In the final he would meet his good friend Pat Rafter. The Australian had come through an epic semi-final against Andre Agassi for the second year in a row. I actually taped Agassi-Rafter Mk II knowing it would be good – the classic match-up between serve-volleyer and baseline counter-puncher. I was not disappointed.
Taking place before Ivanisevic-Henman, Rafter fought back from two sets to one down and then 5-3 in the decider to go through 8-6 in the fifth.
With the final taking place on “People’s Monday”, there was an electric atmosphere. Despite knocking out the home hero, underdog Ivanisevic had plenty of support but his fans were outnumbered by Australians including the all-conquering cricket team over for the Ashes. Wimbledon is suddenly a cross between Walkabout in Earls Court and Hajduk Split’s home ground and all the better for it. Spectators are shouting out between points and no-one cares, not even the players. It’s raw, vital and absolutely riveting with the action matching it.
Both men played some magnificent tennis with Ivanisevic going two sets to one up. Bad Goran had been largely absent for the fortnight but he arrived with bells on in the fourth set which was going with serve. Trailing 2-3, Ivanisevic double faults on break point (starting with a rare foot fault – starts at 10:30) and loses the plot, hurling his racket and almost hilariously kicking the net. Rafter closes out the set to set up a decider.

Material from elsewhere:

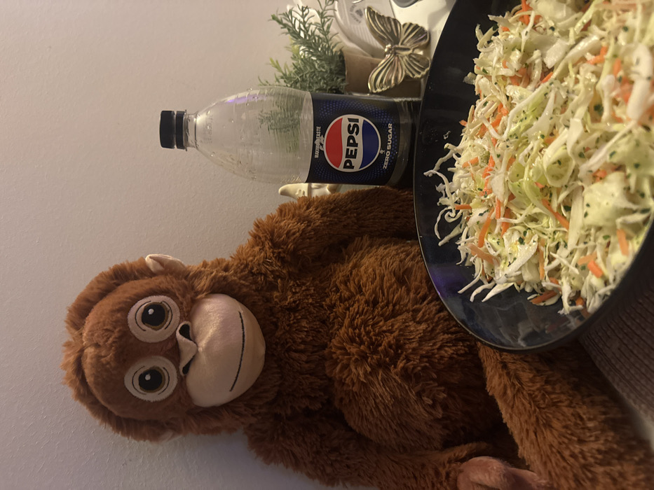 This image captures an indoor scene located in Varna, Bulgaria. A large, brown plush monkey toy is seated on the left side of the frame, facing slightly right, against a plain, light-colored wall. To the right of the monkey, a clear plastic bottle of Pepsi Zero Sugar, partially consumed with condensation visible, stands upright. The bottle has a black cap. Behind the Pepsi bottle, a small potted plant with green foliage is positioned. Further to the right, a gold-colored decorative object resembling a butterfly is visible. In the immediate foreground, a dark blue or black bowl contains a salad composed primarily of shredded white cabbage and orange carrots, coated in a light dressing with visible green specks. The overall scene suggests a prepared meal or snack.

After more superb play, Ivanisevic finally breaks for 8-7 to put him on the brink of that elusive Grand Slam title. Then you can see the sheer mental torture as he tries to serve out for the championship. A nervous volley which he probably should have left alone and a double fault leave him at 15-30. Enter Emergency Goran. A second serve ace for 30-30 and then a first serve ace for match point.
Practically in tears, he asks the ballboy for the same ball but then serves a double fault as he goes for another big second delivery. He brings up another match point as Rafter nets a backhand return but double faults again. Match point number three turns up when Rafter just misses with a backhand down the line. Ivanisevic prays at the spot where the ball lands, but then the third seed comes up with a wonderful lob to stay alive.
Rafter puts another backhand return into the net and it’s match point number four. Again, Ivanisevic requests the same ball and he makes a serve which his opponent returns into the net. Goran Ivanisevic is Wimbledon champion.
The following week, he goes home to a massive celebration in his hometown Split. Wearing the New Jersey Nets jersey of Drazen Petrovic, the Croatian basketball great whose life was cut tragically short at 28 in a car crash, he addresses his adoring public before, in true Goran style, stripping down to his kecks and throwing his clothes into the crowd.
That was the last title of Ivanisevic’s career as his shoulder deteriorated further. He had surgery the following year and bowed out in 2004 on Centre Court after defeat to Lleyton Hewitt.
Rafter’s career ended somewhat sooner. Lacking motivation and struggling with injuries, he retired at the end of 2001 after a heartbreaking Davis Cup Final defeat to France on a specially laid grass court in Melbourne Park.
2001 was also the end of Wimbledon as we knew it. The All England Club relaid the courts with extra strong rye grass leading to higher and slower bounce, and this combined with a slightly larger and heavier ball took the game away from the serve-volleyers. The effect was immediate.
Despite the changes, Henman made the semi-finals again in 2002 but went out to Hewitt who beat David Nalbandian to clinch his only Wimbledon title. Then came the Federer era.